L’étiquette politique relève d’un choix libre des candidats, signifié sur leur déclaration de candidature. Ils peuvent d’ailleurs préférer ne pas en choisir et se déclarer « sans étiquette ».

Le nuançage, en revanche, relève du seul ministère de l’intérieur qui, en fonction des sensibilités des candidats et de leurs déclarations, leur attribue une nuance, ne correspondant pas nécessairement à l’étiquette déclarée. Assurée par les préfectures, l’attribution d’une nuance politique a pour objet exclusif de permettre d’analyser finement les résultats des élections.

Ensuite, je voudrais revenir sur la genèse de l’extension de ce nuançage aux communes de plus de 1 000 habitants, sujet qui nous occupe plus particulièrement aujourd’hui.

Avant les élections municipales et communautaires de mars 2014, le décret du 30 août 2001 permettait au ministère de l’intérieur de procéder au nuançage politique des candidats aux élections municipales exclusivement – j’insiste sur ce point – dans les communes de 3 500 habitants et plus. Le seuil pour la mise en œuvre du nuançage correspond donc à celui à partir duquel s’applique le scrutin proportionnel : ce n’est pas un seuil discrétionnaire.

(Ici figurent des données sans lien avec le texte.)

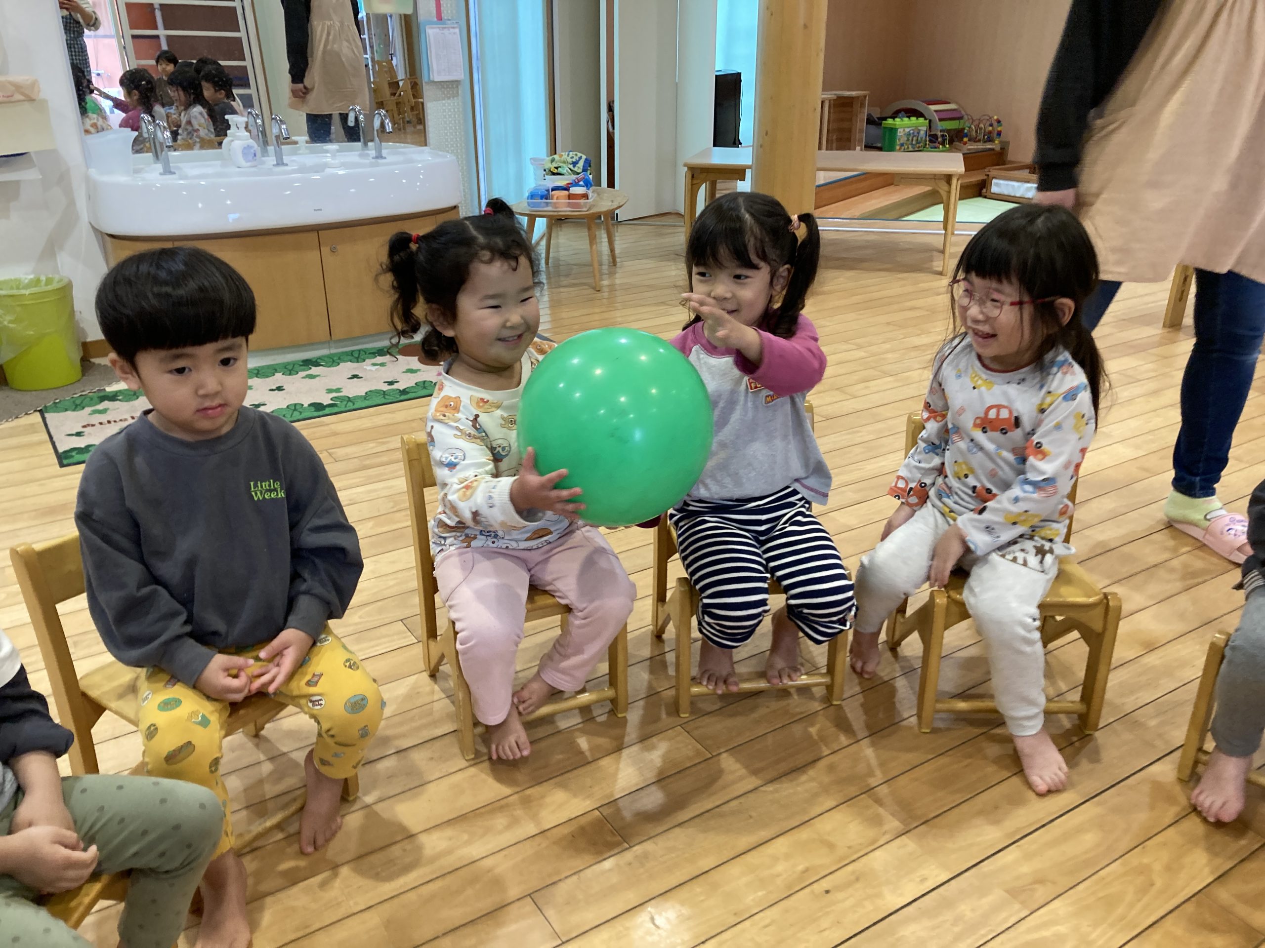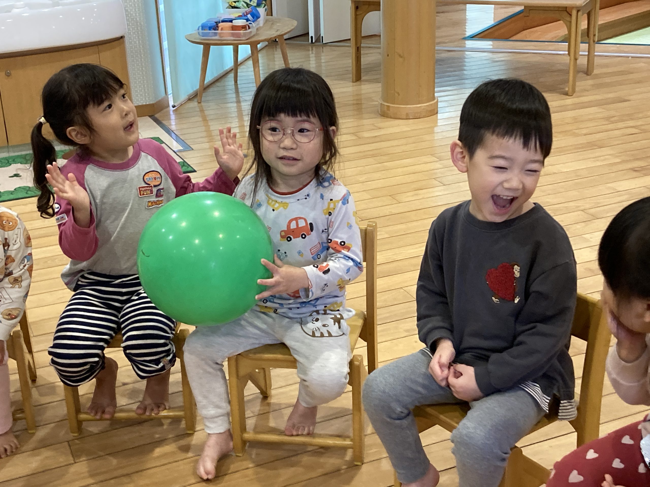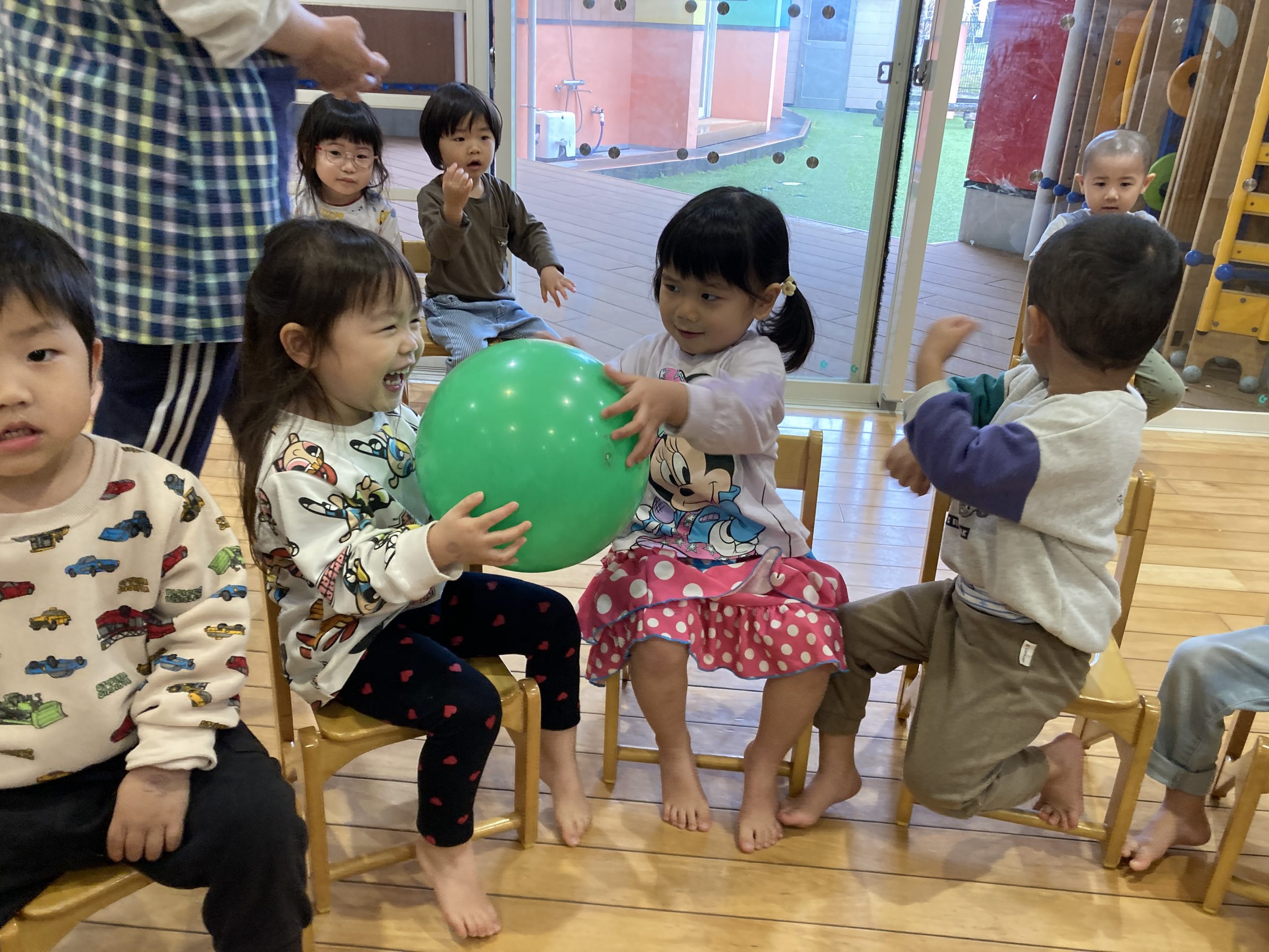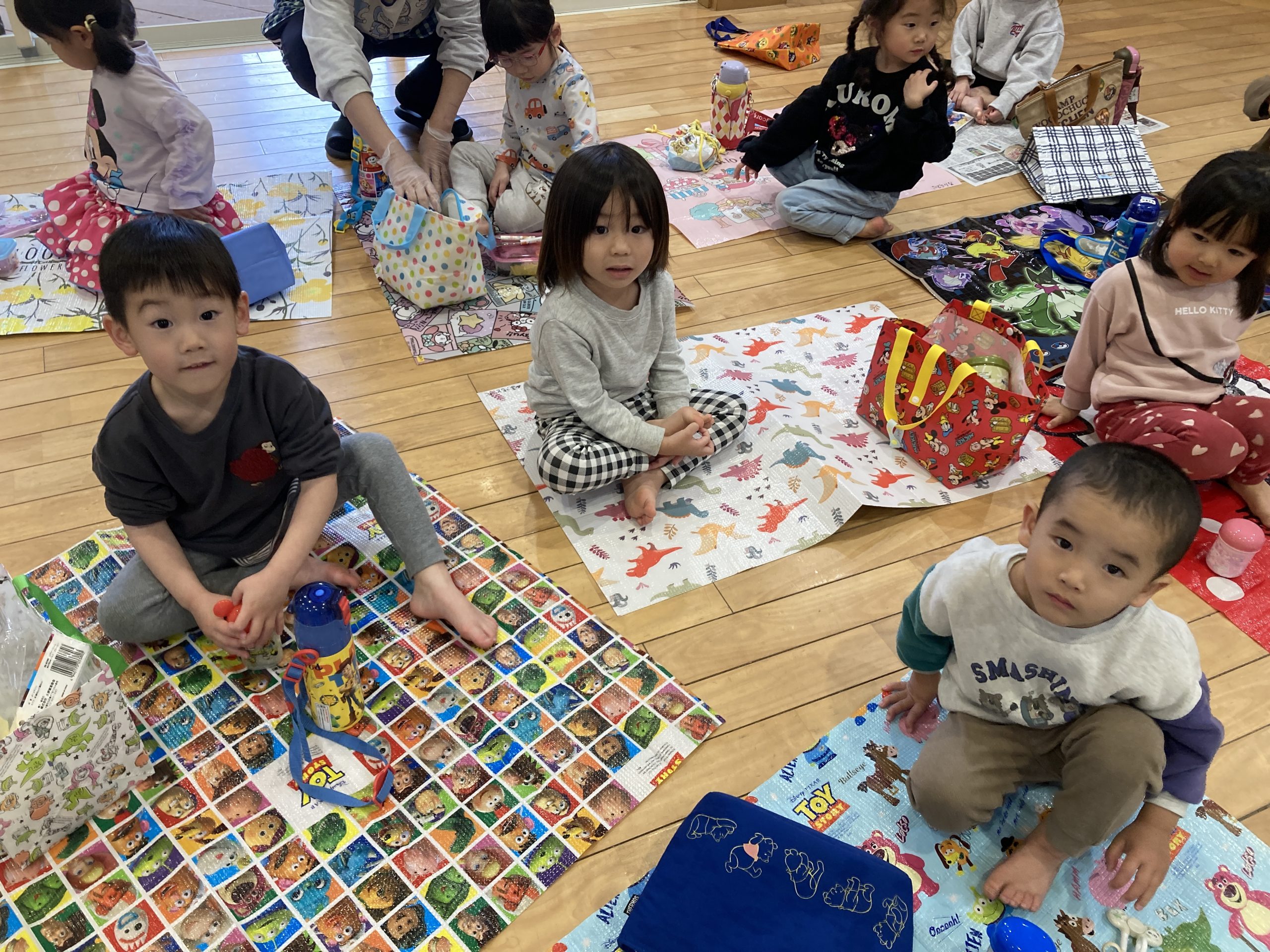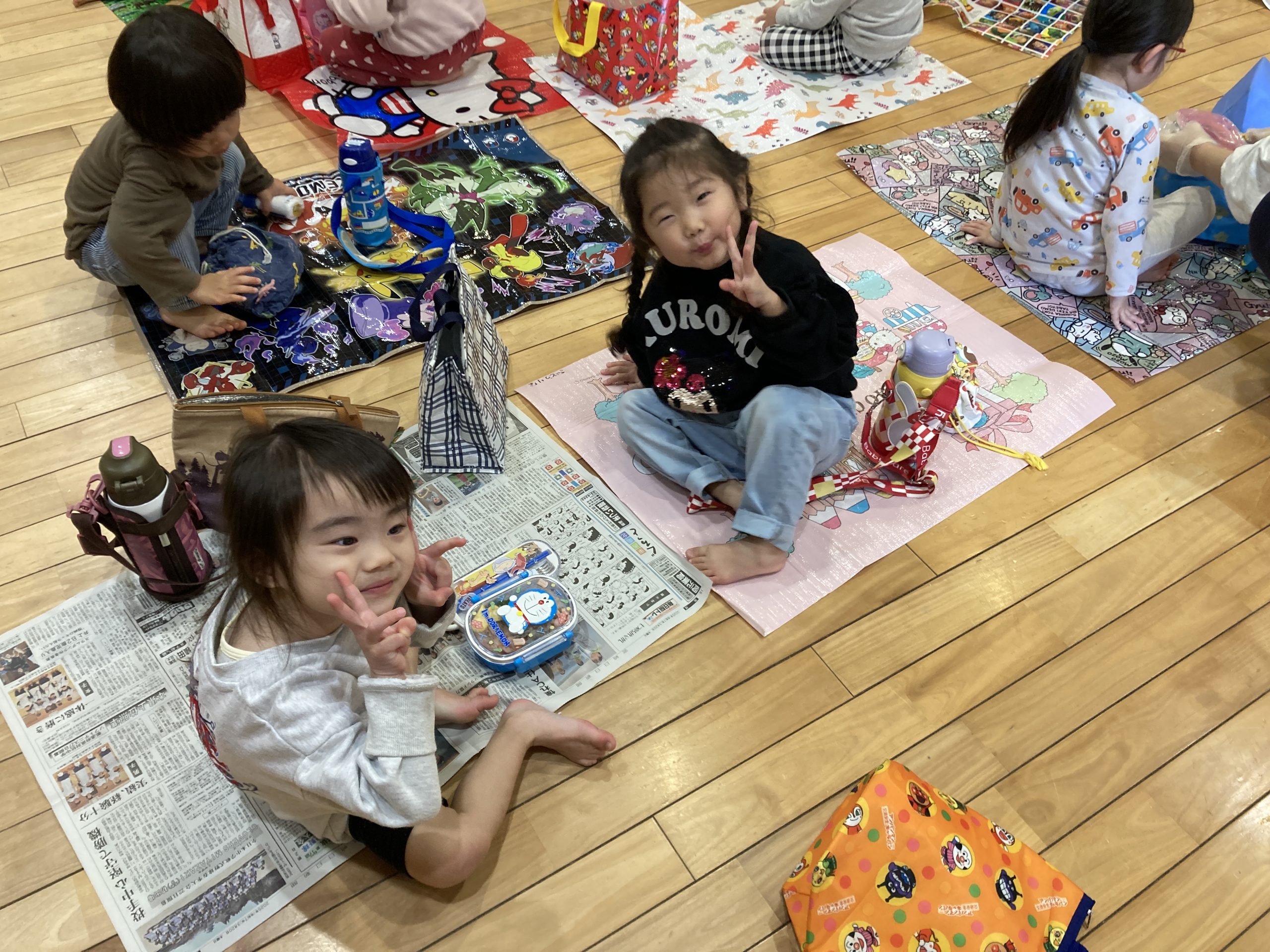 今日は、室内で爆弾ゲームをしました💣音楽が流れている間、隣のお友だちにボールを回しながら、楽しく取り組んでいましたよ✨お昼は、シートを敷いて、お友だちと一緒においしいお弁当を食べていました😊
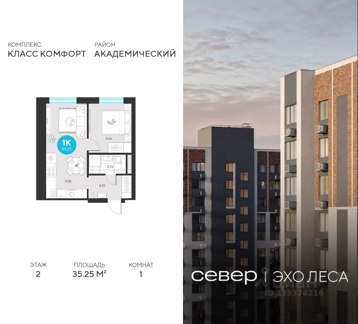Продаётся квартира площадью 35.25 м2 в жилом комплексе ''Эхо леса''. Квартира находится на 2 этаже, жилая площадь квартиры 9.66 м2, площадь просторной кухни — 17.82 м2. Среди особенностей планировки — изолированные комнаты с окнами на одну сторону, 1 совмещённый санузел.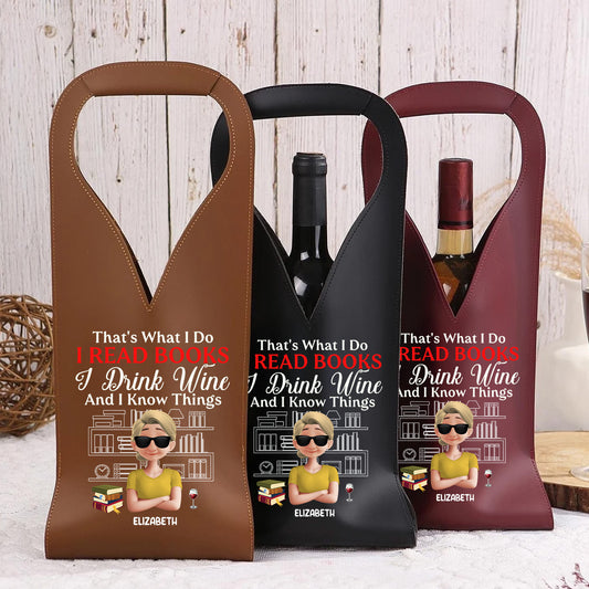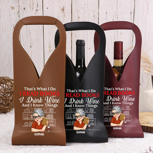 I Read Books I Drink Wine And I Know Things - Personalized Leather Wine Bag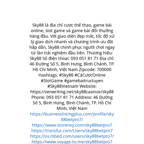 Website: https://zenwriting.net/sky88casinox/sky88 Sky88 là địa chỉ cược thể thao, game bài online, slot game và game bài đổi thưởng hàng đầu. Với giao diện đẹp mắt, tốc độ xử lý giao dịch nhanh và chương trình ưu đãi hấp dẫn, Sky88 chinh phục người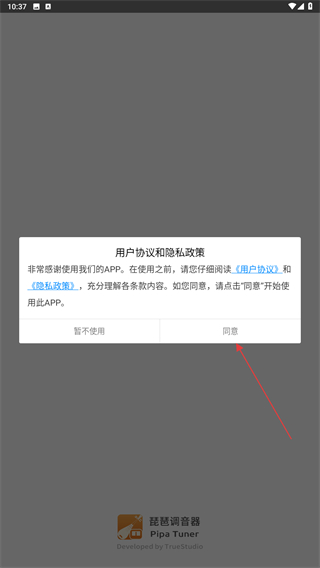 1、啟動(dòng)琵琶調(diào)音器的應(yīng)用軟件,進(jìn)入時(shí)會(huì)跳出用戶協(xié)議和隱私政策,點(diǎn)擊同意的按鈕。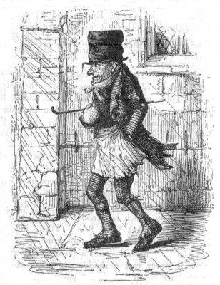 They called him Trotty from his pace, which meant speed if it didn’t make it. He could have walked faster perhaps; most likely; but rob him of his trot, and Toby would have taken to his bed and died. It bespattered him with mud in dirty weather; it cost him a world of trouble; he could have walked with infinitely greater ease; but that was one reason for his clinging to it so tenaciously. A weak, small, spare old man, he was a very Hercules, this Toby, in his good intentions. He loved to earn his money. He delighted to believe—Toby was very poor, and couldn’t well afford to part with a delight—that he was worth his salt. With a shilling or an eighteenpenny message or small parcel in hand, his courage always high, rose higher. As he trotted on, he would call out to fast Postmen ahead of him, to get out of the way; devoutly believing that in the natural course of things he must inevitably overtake and run them down; and he had perfect faith—not often tested—in his being able to carry anything that man could lift.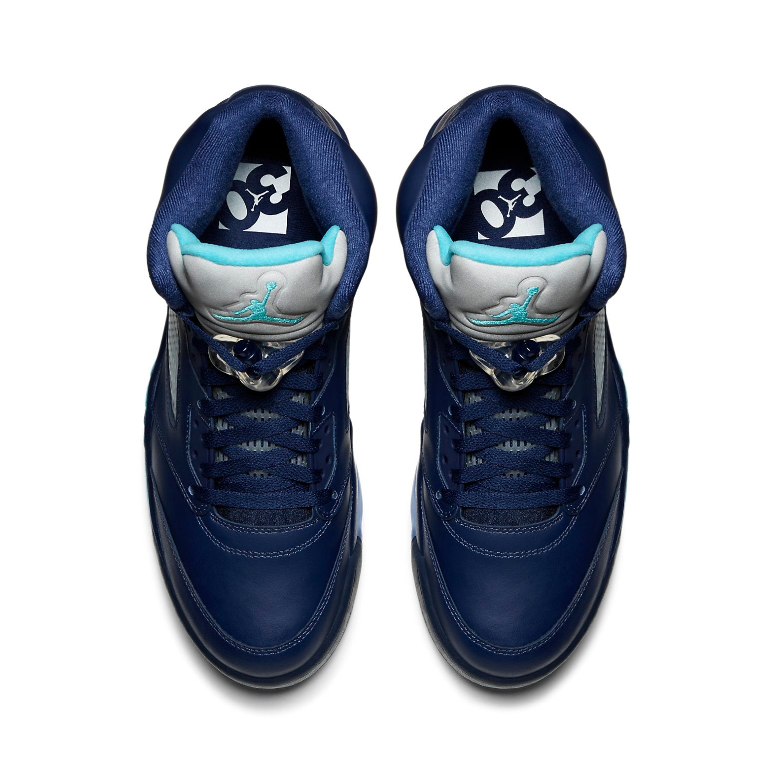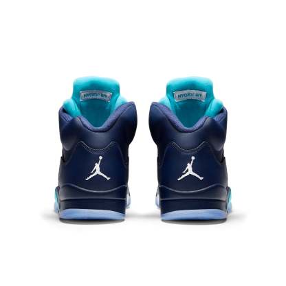 Introducing the Nike Air Jordan 5 'Pre-Grape'! This special sneaker is inspired by a 1990 Tinker Hatfield sample that was intended to be released instead of the iconic 'Grape' colorway. The sneaker features a Midnight Navy leather upper, grey and turquoise accents, and a 3M reflective tongue. Released in May 2015, the design also includes turquoise shark teeth and an icy blue translucent outsole. Whether you're a casual sneakerhead or a hardcore collector, this shoe is a must-have for your collection!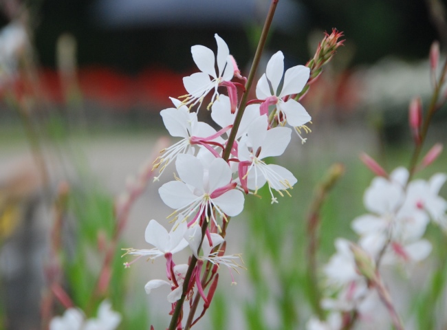 「花の道」でガウラ(白蝶草)が咲き始めました。白い蝶の様な花が風にそよいでいます。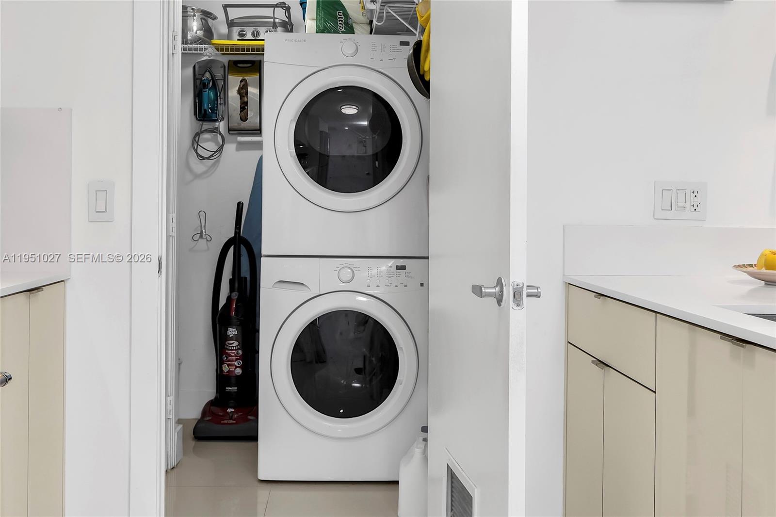 Stunning fully renovated 2 bedroom 2 bathroom featuring large white tile throughout this large spacious open space, great for entertaining all your friends and family. Fully updated bathrooms both offering walk-in showers with custom made vanities with lots of storage. Modern fully updated kitchen with large waterfall island includes stainless steal appliances, kitchen aide induction cooktop with convection oven. Air conditioner is just shy of 2 years old Large stackable frontload washer and dryer. Breathtaking unobstructed downtown views. Building offers: 2 heated pools, jacuzzi, 2 gyms, clubroom, saunas, 24 hour concierge, 24 hour valet and 24 hour security patrol. FOB secured building. Walk to Dadeland Metro Station South, Publix, Trader Joes, Dadeland Mall and all up and coming Restaurants.

La loi du 17 mai 2013 ayant abaissé à 1 000 habitants le seuil d’application du scrutin de liste aux élections municipales, le ministère de l’intérieur, assez logiquement, a demandé à la CNIL l’autorisation d’étendre le nuançage aux candidats dans les communes de 1 000 à 3 499 habitants.

Tel est le sens de la délibération du 19 décembre 2013 de la CNIL, qui complète le décret de 2001, et tel est, si je vous ai bien compris, l’objet de votre mécontentement.

Je dois à la vérité de dire que plusieurs préfectures m’ont alerté sur les objections de certains candidats estimant que l’électeur pourrait être trompé par une nuance qu’ils jugeaient en contradiction avec la réalité et le sens de leur candidature, ainsi que sur les nombreuses demandes de rectification de nuance déposées par de tels candidats.

Je comprends les critiques dont ce dispositif fait l’objet, cependant je ne crois pas que la remise en cause pure et simple du nuançage pour les communes de 1 000 à 3 499 habitants soit la bonne réponse à apporter.

En l’état, la proposition de loi pose d’abord un problème de droit : en aménageant le nuançage dans les communes de moins de 3 500 habitants par voie législative, elle vise à modifier des règles qui relèvent d’une délibération de la Commission nationale de l’informatique et des libertés et se trouve ainsi en contradiction avec la hiérarchie des normes.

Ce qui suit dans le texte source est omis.